Through speed eventually, you can reach a bigger slice of the pie, because speed brings efficiencies, brings lower cost of capital, brings more people you can lend to.
It’s also probably an easier pitch to banks.
It’s definitely an easier pitch: Grab your process, and in 90 days, it's 10% to 20% better all across the board. Nobody can do that right now in the lending world.
What is it about Able that brings that kind of improvement in 90 days?
A lot of this comes down to design culture, engineering culture: everything that has gone into how we build the product. We have a platform that can be white labeled and that has a few different components that are geared towards funds. It’s a solution that is directly for financial institutions. We integrate with the systems you need to integrate with, and we manage the integration so you don't have to set them up. We've taken questions of customization and configuration such that you don't need to hire a developer to customize and configure this for you. You can just do it all in a no-code setup.
What is it about your founding team’s experience that made this the issue the one you sought to chase?
Prior to working on Able, I was working at Digit, which has a great engineering culture. At the time, I was very familiar with the innovation that was going on in the consumer finance world, and I just kept seeing the business and commercial side really far behind.
It only came to life when I spoke to one of my cousins who happened to be a commercial lender. He walked me through what it was like to originate one of these loans, and I was floored. I spoke to a few banks, and they all have the same problem. This is an endemic problem for the market, and that’s how we got started on it.
It was tempting to make our own bank and be our own lender, like Mercury, and start giving our own loans. But there are many reasons why we decided explicitly not to do that at all.
Is that primarily a compliance reason?
It comes down to impact. Do you want to leave your legacy as making this thing where you had a bank that made a small fraction of loans fast, or do you want to leave a legacy where 25% of the market, or 50% or market, uses your software? That to me seemed a lot more exciting.
What currently makes commercial lending so arcane or inefficient?
In the United States, when you're going to secure a loan, you're going to have to gather documentation on the collateral upon which it's going to be secured. You need documentation of the asset that is going to be used to underwrite it. In many countries, you fundamentally can't secure loans, which means you will never collect this information, but it also means you fundamentally cannot issue a low-cost access to capital, because the legal infrastructure required to go and sue collateral does not exist.
That also explains why in this initial stage of Able’s path you're looking at the United States, where you can have secured loans, and therefore the idea of seeking alternative data to expand the pool is less of a prerogative than it would be somewhere else.
Able is probably one of the only solutions where we can bring change without having to change your credit box.

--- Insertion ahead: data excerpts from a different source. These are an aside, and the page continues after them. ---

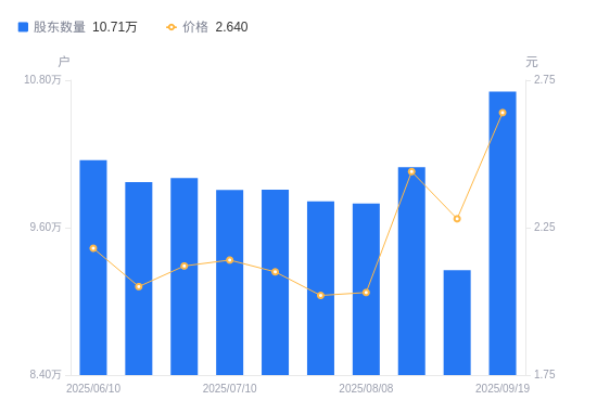 近一年(2024年9月30日至2025年9月19日),利源股份A股股东户数从6.38万户,增加至10.71万户,增幅67.71%,区间股价上涨111.20%。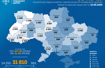 .Усього в Україні 497 284 зразки досліджено методом ПЛР та 81 168 зразків — методом ІФА.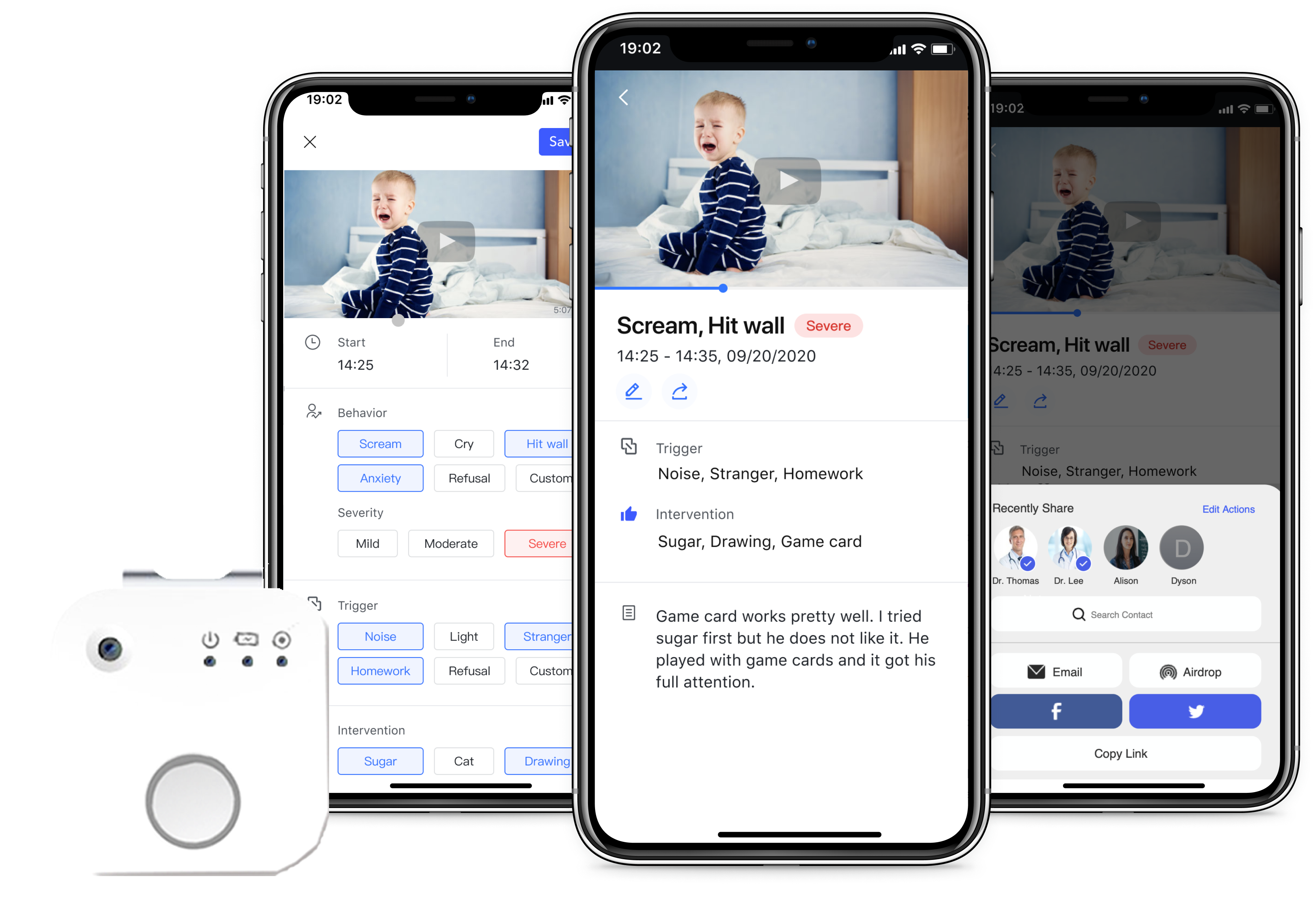 Every behavior has a trigger. Once activated, the CareCam device can keep recording audio data. When a behavior occurs and the parent presses the button, it will save the past 5 minutes of audio that was captured, and record video for an additional 5 minutes. When the CareCam device starts or stops recording data, it will vibrate to let parents know the status. Parents can input more details later, analyze, and share behavior data.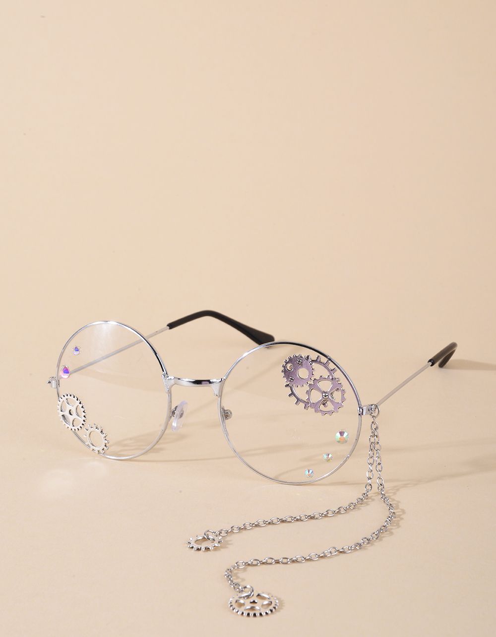 Окуляри іміджеві круглі з ланцюжком та фурнітурою на лінзах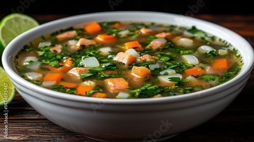 soup, salmon, vegetable, hearty, creamy, broth, warm, healthy, delicious, flavorful, dinner, meal, cookery, food, dish, bowl, white, wooden, table, lime, carrot, potato, onion, parsley, fresh, hot, appetising, alimentary, comfort, easy, simple, lunch, protein, diet, savoury, light, nutrient, eatery, homemade, tasty, ingredient, vegan, vegetarian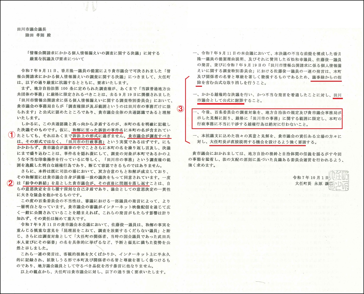 百条委の冒頭、田川市議会の議員から永原町長が発出した文書の内容について意見を求められた。町長の言い分を要約すれば、市議会が百条委設置を決めた際の決議文に「大任町」の名称が出てくるのはけしからん、議事録から関係個所を削除して謝罪しろというもの。当日の質疑で「大任町」という固有名詞に触れることが確実だった参考人に、迷惑が掛からないか心配しているとした上で、その点についてどう考えるかという質問者の問いかけだった。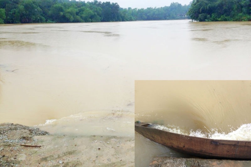 | Đoạn sông nơi thầy cô giáo bị lật thuyền và miệng cống (ảnh nhỏ) - nơi cô Mạnh bị nuốc cuốn vào. |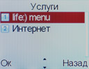 В подменю «Услуги» реализована возможность работать с так называемым «операторским меню». Кроме того, здесь же реализована возможность воспользоваться «штатным» браузером Интернет. О настройках и возможностях браузера говорить не буду – они простые. Интерес здесь представляет только одна особенность – в подменю настроек браузера имеется возможность выбрать SIM-карту, с которой будет взиматься плата за потребляемый трафик.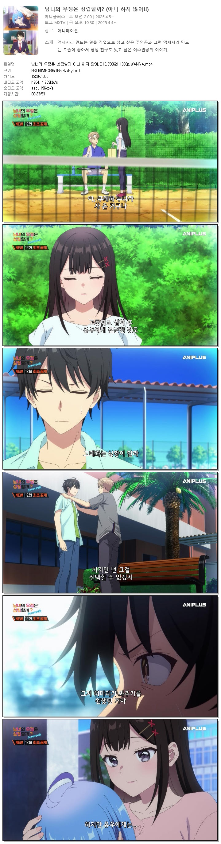 남녀의 우정은 성립할까 아니 하지 않아.E12.250621.1080p.WANNA 다시보기 토렌트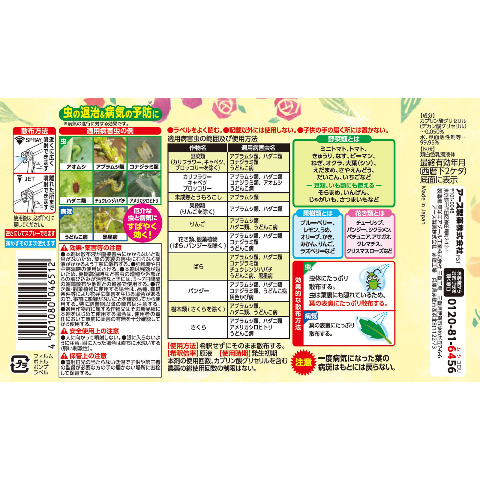 虫・病気に殺虫殺菌剤 家庭園芸用カプリン酸グリセリル乳剤食品原料99.9%収穫当日まで何度でも野菜・果樹・花・庭木にアオムシ・アブラムシ・コナジラミ・ハダニ・うどんこ病・黒星病・灰色かび病逆さにしてスプレーできます薄めずそのまま使えます虫の退治&病気の予防※に※病気の進行に対する効果です。○適用病害虫の例・虫アオムシ、アブラムシ類、コナジラミ類、ハダニ類、チュウレンジハバチ、アメリカシロヒトリ・病気うどんこ病、黒星病厄介な虫と病気にすばやく効く!【希釈倍率】原液【使用時期】発生初期本剤の使用回数、カプリン酸グリセリルを含む農薬の総使用回数の制限はない。○野菜類とはミニトマト、トマト、きゅうり、なす、ピーマン、ねぎ、オクラ、大葉(シソ)、えだまめ、さやえんどう、だいこん、いちごなど・豆類、いも類にも使えるそらまめ、いんげん、じゃがいも、さつまいもなど○果樹類とはブルーベリー、レモン、うめ、オリーブ、かき、みかん、りんご、ラズベリーなど○花き類とはチューリップ、パンジー、シクラメン、ペチュニア、アサガオ、クレマチス、クリスマスローズなど【性状】類白色乳濁液体表示成分<成分>カプリン酸グリセリル(デカン酸グリセリル)・・・0.050%水、界面活性剤等・・・99.95%用法・用量/使用方法<散布方法>SPRAY 近くに広く噴射できますJET 離れた所まで噴射できます使用後は、必ず「×」に戻してください。<適用病害虫の範囲及び使用方法>○野菜類(カリフラワー、キャベツ、ブロッコリーを除く):アブラムシ類、ハダニ類、コナジラミ類、うどんこ病○カリフラワー、キャベツ、ブロッコリー:アブラムシ類、ハダニ類、コナジラミ類、アオムシ、うどんこ病○未成熟とうもろこし:アブラムシ類○果樹類(りんごを除く):アブラムシ類、ハダニ類○りんご:アブラムシ類、ハダニ類、うどんこ病○花き類、観葉植物(ばら、パンジーを除く):アブラムシ類、ハダニ類、コナジラミ類、うどんこ病○ばら:アブラムシ類、ハダニ類、コナジラミ類、チュウレンジハバチ、うどんこ病、黒星病○パンジー:アブラムシ類、ハダニ類、コナジラミ類、うどんこ病、灰色かび病○樹木類(さくらを除く):アブラムシ類、ハダニ類、うどんこ病○さくら:アブラムシ類、ハダニ類、アメリカシロヒトリ、うどんこ病<使用方法>希釈せずにそのまま散布する。<効果的な散布方法>○虫虫体にたっぷり散布する。虫は葉裏にも隠れているため、葉の表裏にたっぷり散布する。○病気葉の表裏にたっぷり散布する。

When you start bringing alternative data, you have to measure the risk of it. And there’s risk whenever you bring alternative data into the equation, because maybe the alternative data paints a great picture today, but you need years and years of data to build an idea of the variances of how it’ll go through recessions and things like that. The hands of time need to work their way in this as well, because there's only so much you can observe within any given unit of time.
Well, credit scores are their own black box.

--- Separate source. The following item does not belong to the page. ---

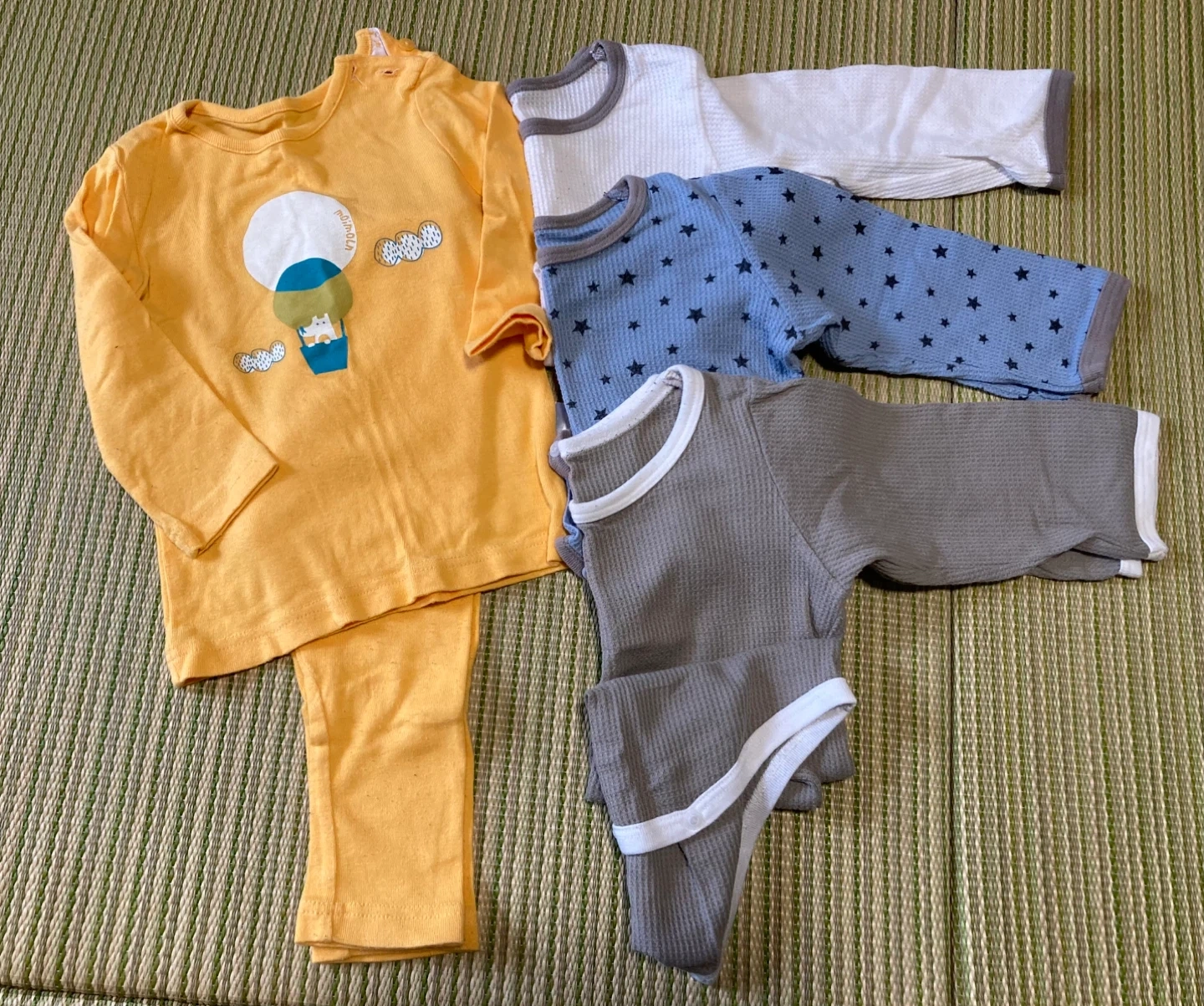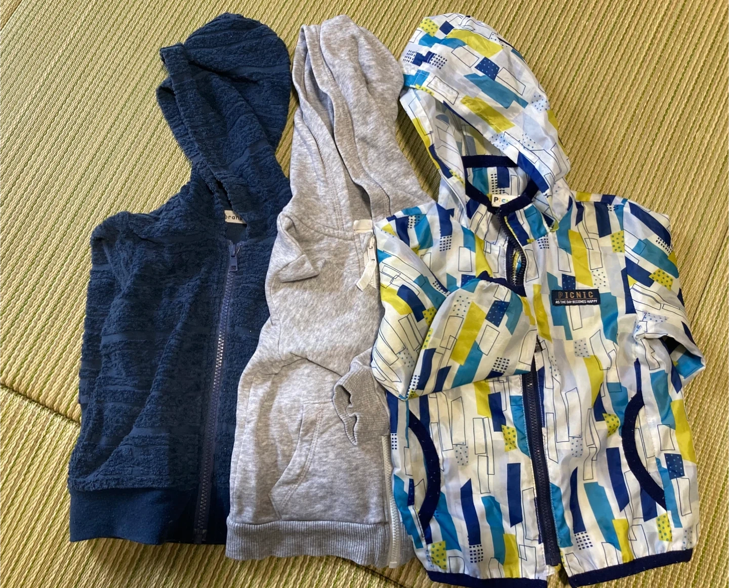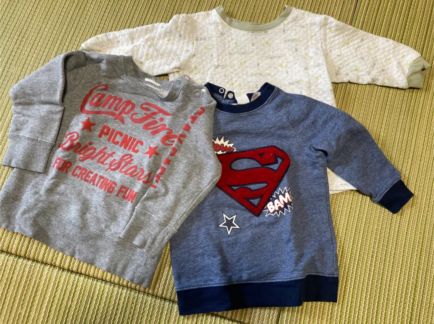 90サイズがメインですが、大きめ80や小さめ95も入っています。 全て同じ時期に着たものです。 コムサやミキハウス(picnic)、ブランシェス、ユニクロ、ブリーズ、等も一部入っています。 大きな汚れや破れなどはありませんが、子供が着用したもので毛羽立ちや毛玉、少し引っかかりの糸が出ている箇所などあります。 お名前シールは剥がし、タグの記名はそのままにしています。 一部ズボンのポケットが少しほつれていますが、そのままのものがあります。(写真3枚目左から2本目) 裏起毛のレギンス、スウェット、長ズボン、薄手のカーディガン、パーカー付きウインドブレーカー、長袖Tシャツ、トレーナー、ベスト、パジャマ、長袖ロンパースなど合計29点になります。 以上の点、ご了承のほどよろしくお願いいたします。

I have my own comments on the credit score. It does leave a lot of people out of the system. But if you think about how commercial loans are done, they incorporate so much more information than like your average retail loan.
Where do you see Able two years down the line?
It comes down to that mission. If you can grab a large chunk of markets and the commercial banks in the United States and you can make the number one process through which they distribute capital 1% cheaper, that means lending is 1% cheaper. That is hugely impactful.